The economic picture was further brightened by other data on Tuesday showing an acceleration in factory and services industry growth in some areas of the country. Housing, however, continues to plod along, with home price gains decelerating sharply in July.
“The rest of the economy continues to deliver the goods, but the housing market is still not performing as everybody thought it would and that’s going to take some time,” said Eugenio Aleman, a senior economist at Wells Fargo Securities in Charlotte.
Financial data firm Markit said its preliminary or “flash” factory purchasing managers index came in at 57.9, unchanged from August when it touched its highest level since April 2010.
Any reading above 50 signals expansion in manufacturing, which accounts for about 12 per cent of US economic activity.
Factory jobs rose for a second straight month, Markit said, with a gauge of labour market conditions touching its highest level since March 2012. A measure of new orders held steady above the 60 level for the third time in the past four months, indicating persistent demand for manufactured goods. Manufacturing activity in the third quarter was the strongest since Markit started tracking it in mid-2007.
Separately, the Federal Reserve Bank of Richmond said its regional manufacturing index increased this month, with factories citing a rise in new orders and shipments.
Firms in the region, which stretches along the Eastern seaboard from South Carolina to Maryland, also hired more employees and increased the average workweek, but there was some moderation in wage growth.

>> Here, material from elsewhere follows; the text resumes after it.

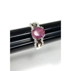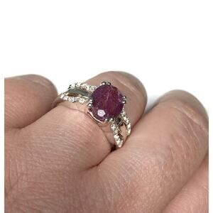 925 PTI India Sterling Silver Ruby Diamonds Ring 6.75 4.17g

“The healthy performance of manufacturing is not surprising … and reflects the pick-up in broader economic activity, a trend that has emerged since the beginning of the second quarter,” said Anthony Karydakis, chief economic strategist at Miller Tabak in New York.
Karydakis, however, cautioned that sluggish growth in the eurozone and some key emerging markets could limit the sector’s export-oriented growth over the next few quarters.
Data on Tuesday showed eurozone business activity in September was the weakest this year, while factory activity in China picked up only slightly.
In contrast, the US economy is poised for a brisk expansion in the third quarter, with estimates ranging as high as a 3.5 per cent annual pace. The economy grew at a 4.2 per cent rate in the second quarter.
“We expect GDP to grow at an annualised rate of at least 3 per cent and as much as 4 per cent, depending to a large extent on how the vast services economy fared in September,” said Chris Williamson, chief economist at Markit in London.
The services sector appears to have gotten off to a strong start in September. The Federal Reserve Bank of Philadelphia said its new general activity index for non-manufacturing firms in the mid-Atlantic region jumped sharply.
The surge in activity reflected increases in new orders, sales and full-time hiring. Service sector employees also worked longer hours, while firms increased their capital spending.